President Trump has made good on his promise (or threat?) to impose stiff tariffs on imported Chinese goods. $34 billion dollars worth of trade to be exact. We heard Trump and Chinese President Xi go back and forth all Spring on how and when this would occur and we have appeared to have reached the point of no return.
Last midnight saw the first wave of tariffs take effect. China immediately responded with their own tariffs on $34 billion of American imports, primarily affecting US Auto and US Soy. Tesla (NASDAQ:TSLA), for instance, will see their Chinese duties raised from 10% to 40%. US whiskey will be taxed at 30%, up from a modest 5% before the new tariffs took effect.
The risks are great, as China one of the United States’ most important trade partners, with about $630 billion (-$130 deficit) in trade done in 2017, not far behind Canada ($670 billion, +$8 billion surplus) and just ahead of Mexico ($616 billion, -$64 billion deficit). All figures are official 2017 numbers per ustr.gov
The United States may be positioned advantageously in terms of a Chinese trade war as the US imports much more than it exports to China, there is simply much more China has to lose and much more that the US can slap with tariffs if they so choose.
Early signs show investors aren’t as concerned as once feared over the impending trade war escalations
Major stock market indexes have remained unphased throughout most of the verbal battles between the United States and China and even as the tariffs went live investors weren’t phased. June jobs data, recently published, show no evidence of trade war anxieties hurting the US jobs market according to Council of Economic Advisers Chairman Kevin Hassett said in an interview with Bloomberg today.
He remarked, “There isn’t clear evidence in the data that the anxiety over trade is being harmful to the industries that we would most watch for harm in.”
Current prevailing thought that if the tariffs go no further at this point then there will be only limited damage to the US and world economies and that the markets can absorb what’s been done up to this point with minor corrections.
However, economists predict that if the US imposes 10% tariffs on its other trade partners (a very big IF), then US growth will lag by 0.8% by 2020 which would indeed be felt nation-wide, especially in the unemployment and wage growth metrics.
However, that doesn’t stop the pain from reaching individuals in the States.
Perhaps the most immediate effect to US citizens will be some of its farmers. Soy producers sell 2/3rd their product to China, who in turn uses a lot of the soy to feed its massive pork industry. China is raising US soybean tariffs to 28%, up from basically zero percent all the while offering other nations a completely duty-free soybean import tariff rate of 0%.

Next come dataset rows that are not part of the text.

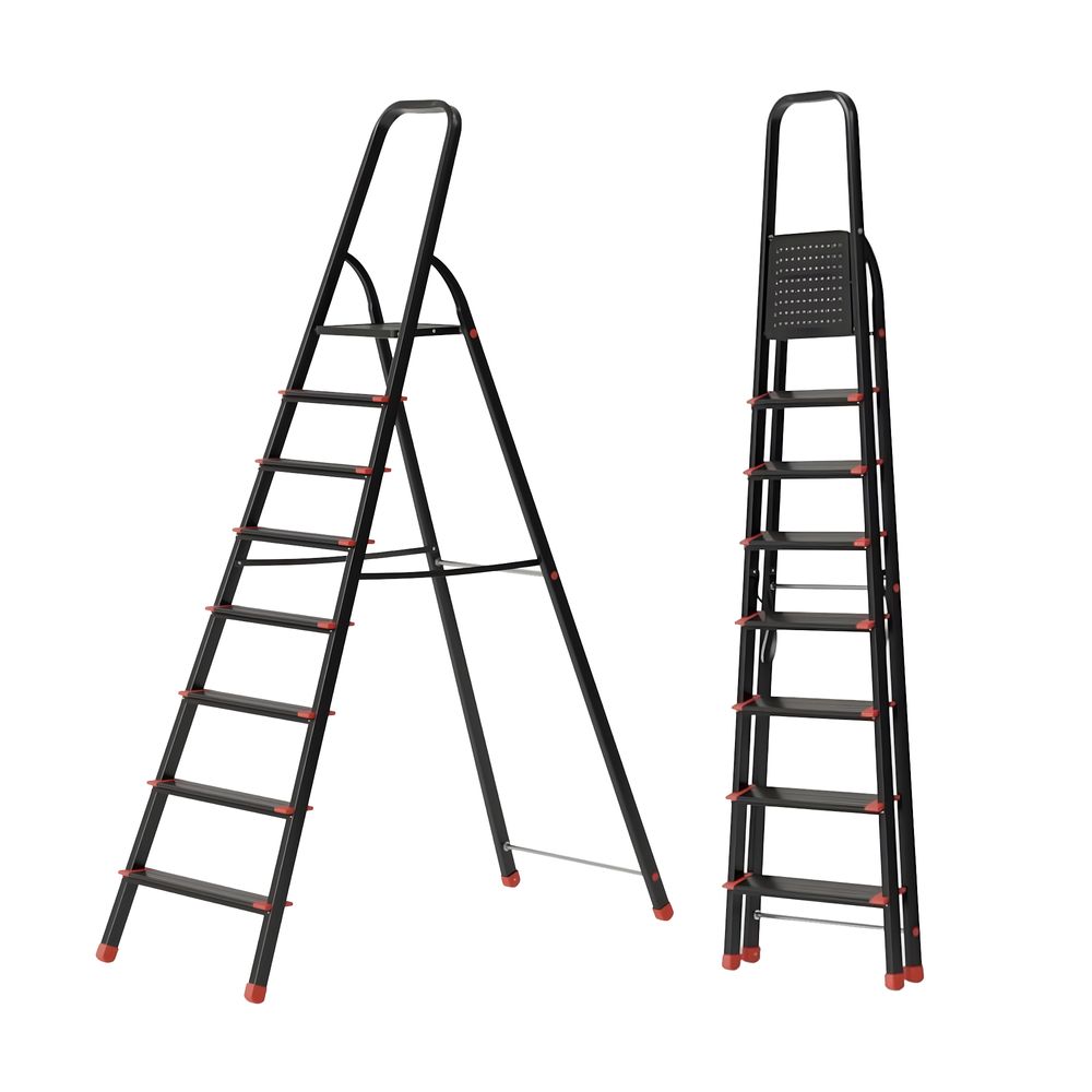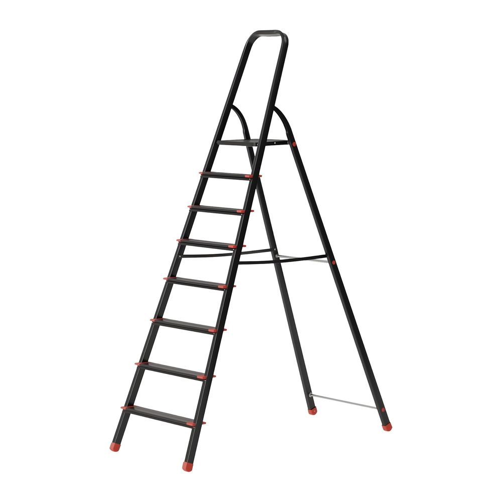 Aluminium Step Ladder for Home - 8 Steps, Black | Anti-Slip Foldable Ladder for Home, Kitchen, Garden, Office | Lightweight, Portable Folding Ladder with Grip (Black)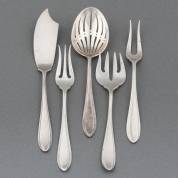 Vijfdelig 2e gehalte zilveren hors d'oeuvreset, puntfilet, gewicht 107 gram, botermes 16 cm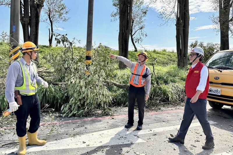山陀兒強陣風吹倒多處路樹、電桿,造成高雄多區停電,目前仁武區、大寮區、林園區等都有3000戶至6000餘戶不等戶數停電。陳其邁今天視察多處災損復原狀況,一早到和發工業區(河堤路二段)視察電線桿修復工程,也到自由、裕誠路口視察路樹清理情況。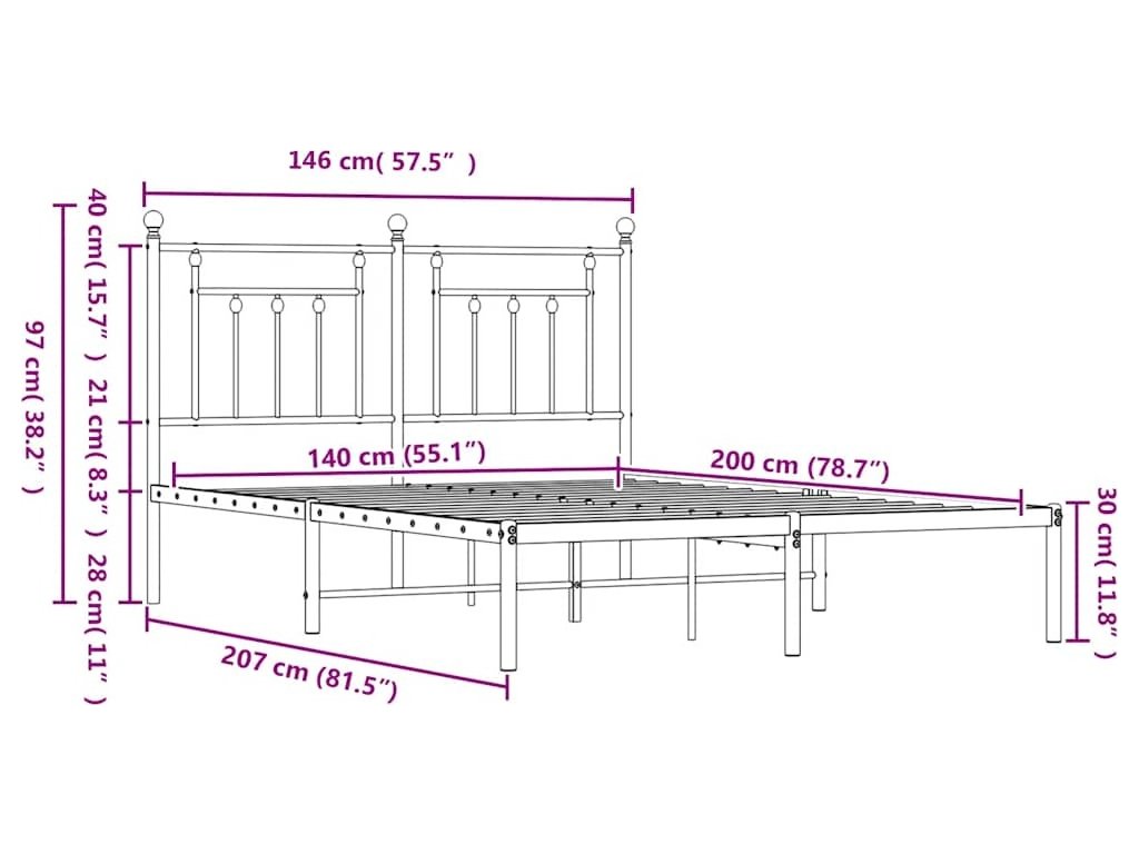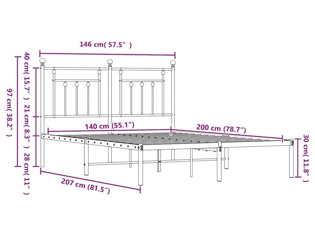 Kovový rám postele s čelem 140 x 200 cm [353538]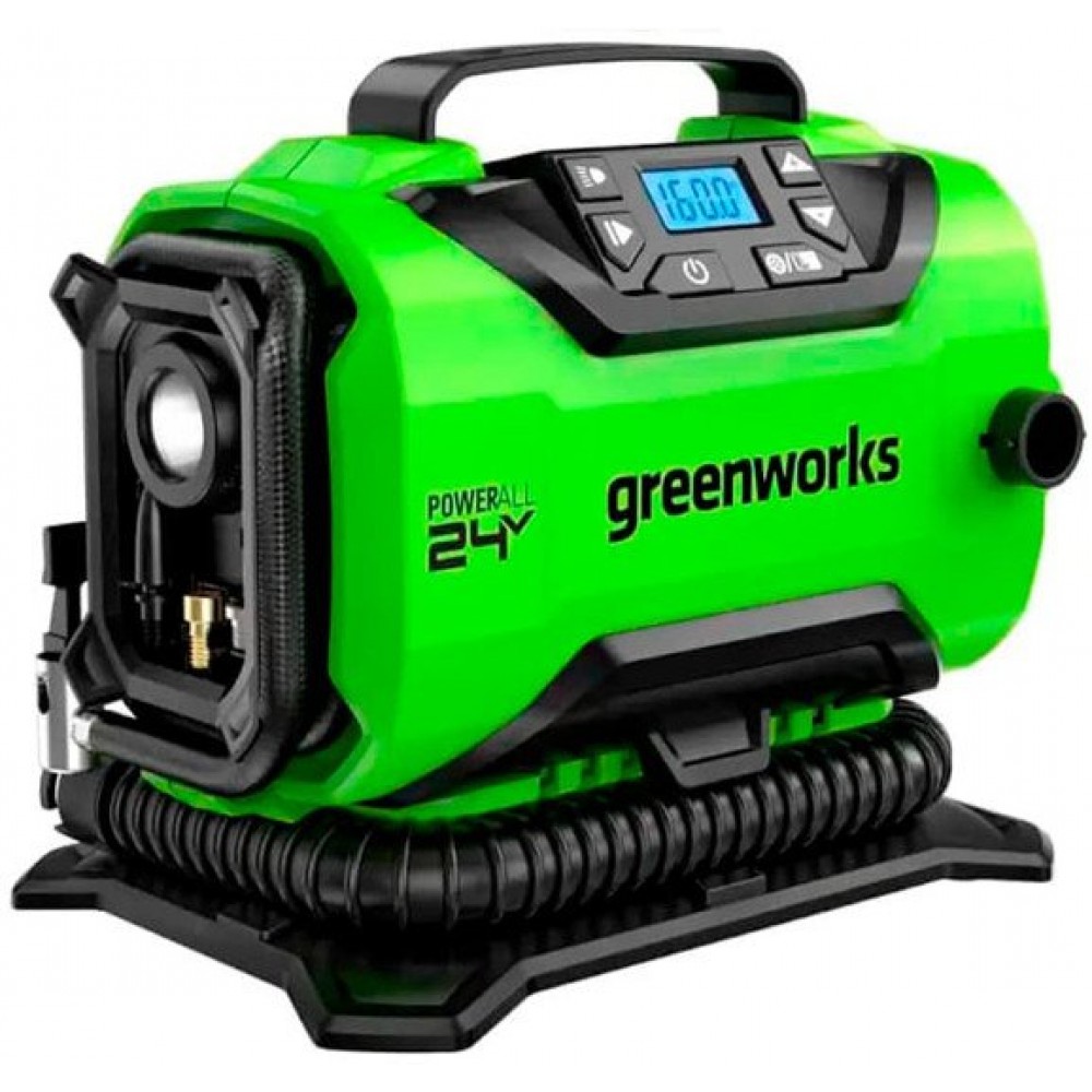 - - Компрессор автомобильный аккумуляторный Greenworks Арт. 3400807, 24 В / 12В;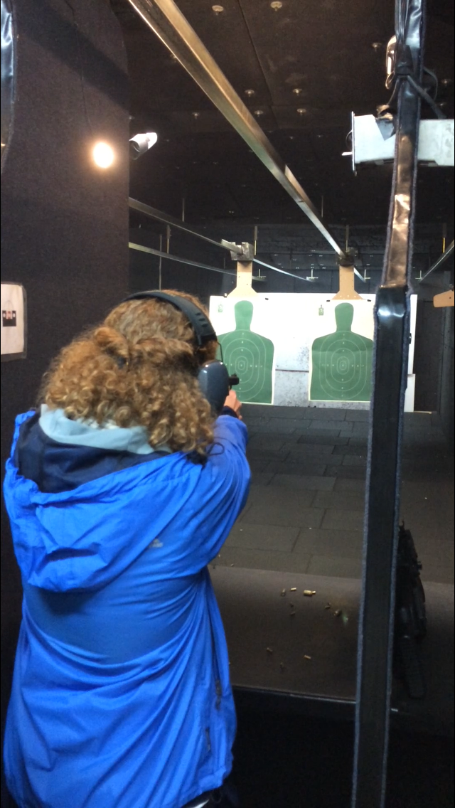 We went out for dinner in the town in the evening and then some of us went to a gun shop to try our hand at shooting. I am very definitely pro-gun-control but was intrigued. I shot a Luger and it was really good fun.
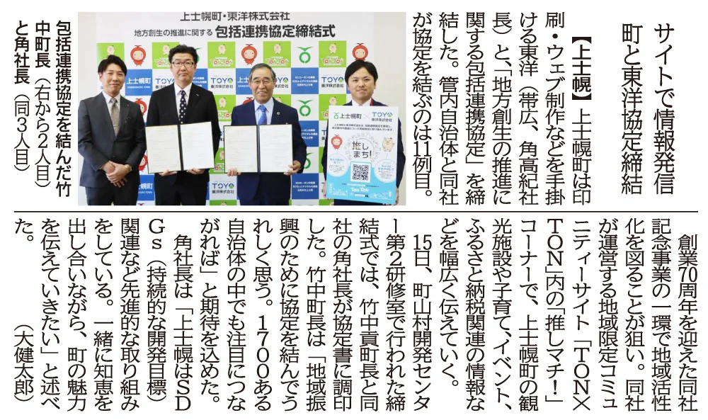 北海道音更町(町長:小野 信次)と東洋株式会社(代表取締役社長:角 高紀)は、包括的な連携のもと相互に協力し、情報発信力を強化することで地域活性化および地域経済に寄与することを目的に包括連携協定を締結いたしました。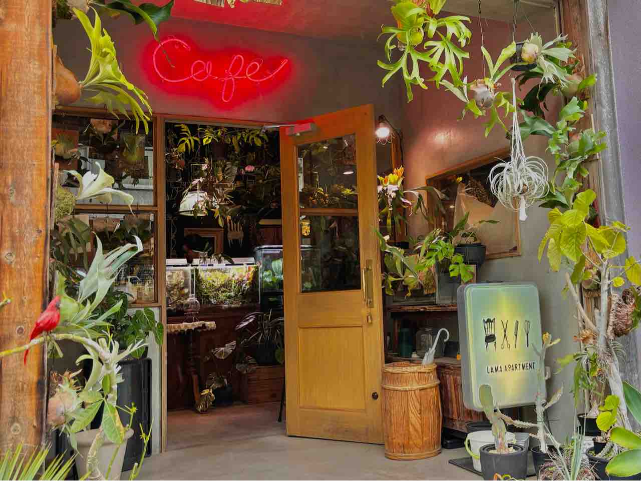 こちらがカフェの入り口です。色々な種類の植物が置かれていますね!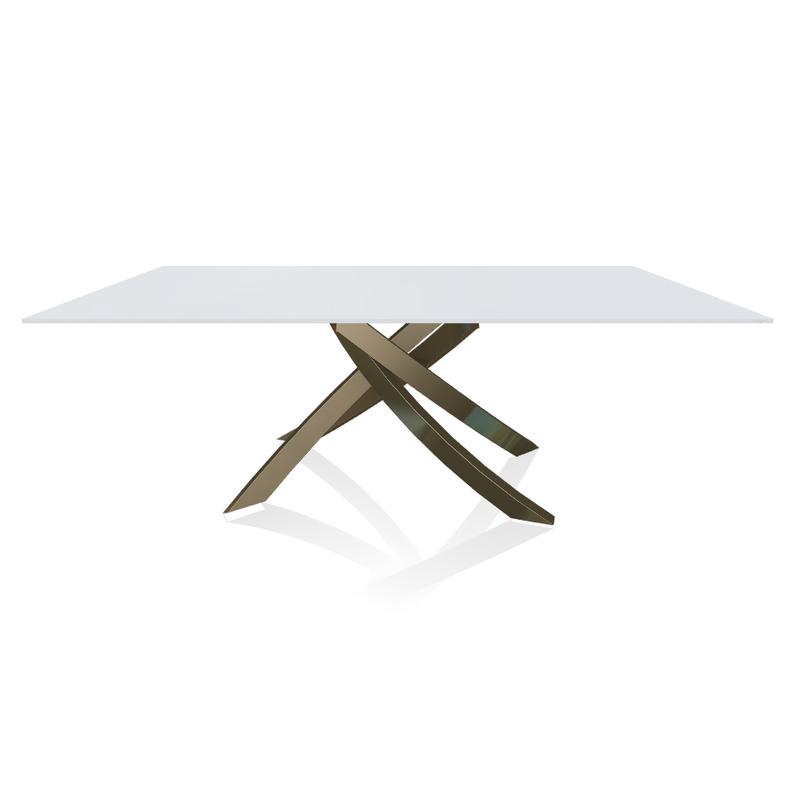 BONTEMPI table avec structure laiton vielli ARTISTICO 20.01 200x106 cm (Anti-rayures blanc opaque - Plateau en verre et structure en acier laqué laiton vielli)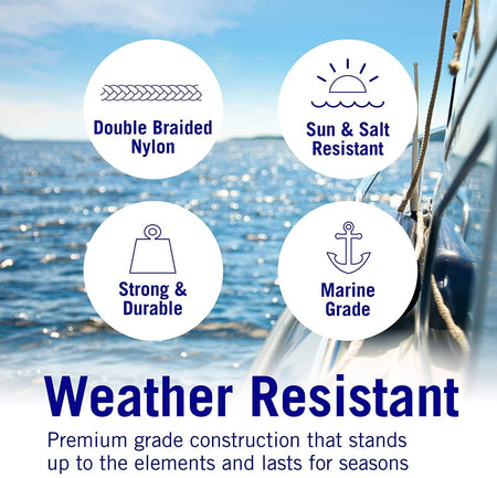 • Salt, Sun, and Water Resistant: This durable marine anchor line is reliable and withstands being submerged in water without breaking down. This premium double braided nylon anchor line resists oils, gas and abrasion.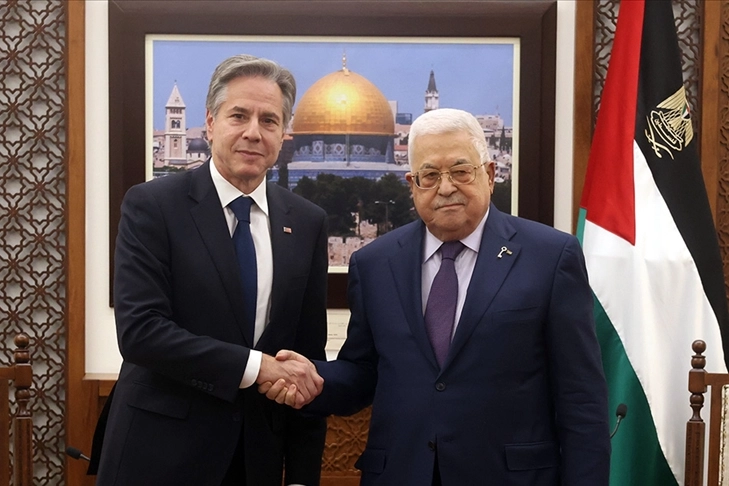Filistin Devlet Başkanlığı Ofisinden yapılan yazılı açıklamaya göre, Blinken ve Abbas, Batı Şeria'da bir araya geldi.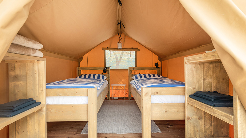 Sip an aperitif on the veranda and rest in a comfortable bed ...you will find the best solution to these needs in a Safari Tent Tiny: functional and relaxed, it consists of a sleeping area for 2 people and an outdoor veranda equipped with table and chairs for the best time on the campsite.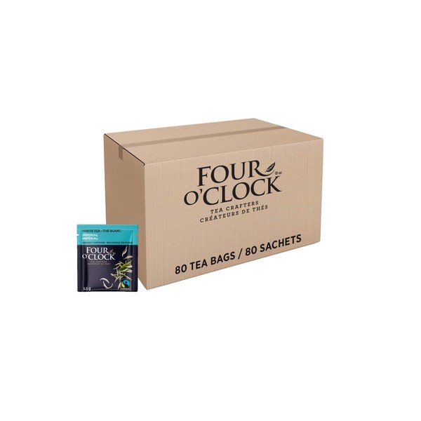 Four O'Clock White Tea Imperial Organic Fairtrade, Non-Gmo, Kosher, Gluten-Free, 80 Teabags

This is a very targeted approach as the US soy industry is both especially reliant on Chinese buyers given the majority ends up there, as well as key Trump supporters. Trump did very well with rural voters and the mid-west agriculture industry during his 2016 election run and the Chinese know this all too well.
The Federal Government’s response could be to use a depression-era bailout fund in the neighborhood of $30 billion dollars to deliver a cash infusion stimulus to soy farmers to help ride out the impending storm.
The Commodity Credit Corporation, an entity that helped farmers during the Great Depression, is allowed by law to borrow as much as $30 billion from the US Treasury to buy crops that would normally be unsold and disposed of as excess or waste product. Ag Secretary Sonny Perdue mentioned this last month in Chicago as a possible band-aid to the problem.
Many are voicing their opposition to this as it essentially is borrowing against the government to fix an economic problem that the feds created on their own. Borrowing money to pay for a problem caused by trying to.. save money?
The American Soybean Association even came out with a statement strongly opposed to the plan:
It’s a whole lot easier not to wreck the car in the first place than it is to think about what a repair might look like.
The message is loud and clear. The farmers want a healthy and sustainable industry rather than a one-time cash infusion; which makes complete sense. A large and obvious concern is that if the CCC borrows the maximum of $30 billion from the Treasury then this will be an only one-time infusion for the soy farmers.
Many of these farmers are fourth and fifth generation farmers that expect to hand their businesses and farms over to their children and long-term viability is very important to them. Even getting a full year’s worth of crops paid for won’t help them five years down the road if a trade battle has turned into a multi-year trade war.